Danang, Vietnam—A US aircraft carrier arrived in the central Vietnamese city of Danang on Sunday, AFP journalists saw, weeks after Hanoi protested against Chinese vessels sailing in its waters.
The USS Ronald Reagan’s port call in Danang comes as the US and Vietnam celebrate the 10th anniversary of their “comprehensive partnership”, with the two countries sharing increasingly close trade links, as well as concerns over China’s growing strength in the region.
A Chinese survey vessel, multiple coast guard ships and fishing boats operated for several weeks in Vietnam’s exclusive economic zone in the South China Sea, prompting a demand that they leave from Vietnam’s foreign ministry.

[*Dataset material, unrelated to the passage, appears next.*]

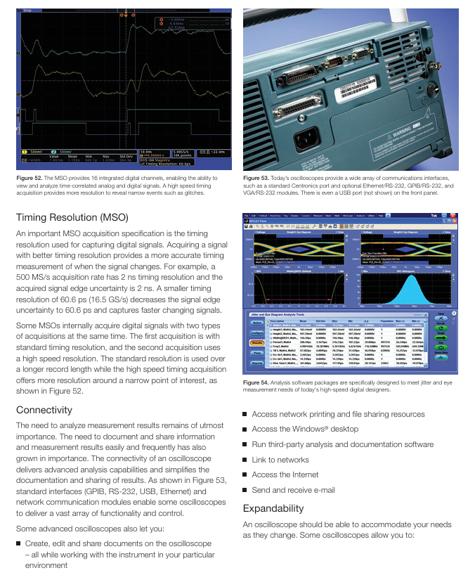 Digital Fluorescence Oscilloscope (DPO) parallel processing (amplification → ADC → digital fluorescence database → direct display, microprocessor parallel processing) real-time 3D display (time, amplitude, amplitude distribution), high waveform capture rate (million level/second), general design and troubleshooting of analog oscilloscope display characteristics (video signal, communication mask testing)
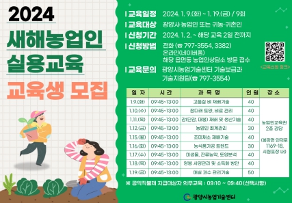 ![]() 광양시, 2024년 새해농업인 실용교육 교육생 모집 |

The boats eventually departed in early June.
China claims most of the resource-rich waterway despite competing claims from other Southeast Asian nations including Vietnam, the Philippines and Malaysia.
“The visit gives that message that Vietnam is continuing to balance against China by improving its security relationship with the US, and with other outside powers,” Nguyen The Phuong, a PhD candidate in maritime security at the University of New South Wales Canberra, told AFP.
The US aircraft carrier’s visit follows the arrival of Indian naval ships in Danang last month, as well as a port call by Japan’s largest warship in Cam Ranh, a city on the southeastern coast, earlier this week.
Pham Thu Hang, spokesperson for Vietnam’s foreign ministry, said earlier in the week that port calls were an “ordinary friendship exchange for peace, stability, and cooperation and development in the region and the world”.
Strong bilateral ties between the US and Vietnam are key for Washington if it wants to remain the dominant power in the region, Phuong said.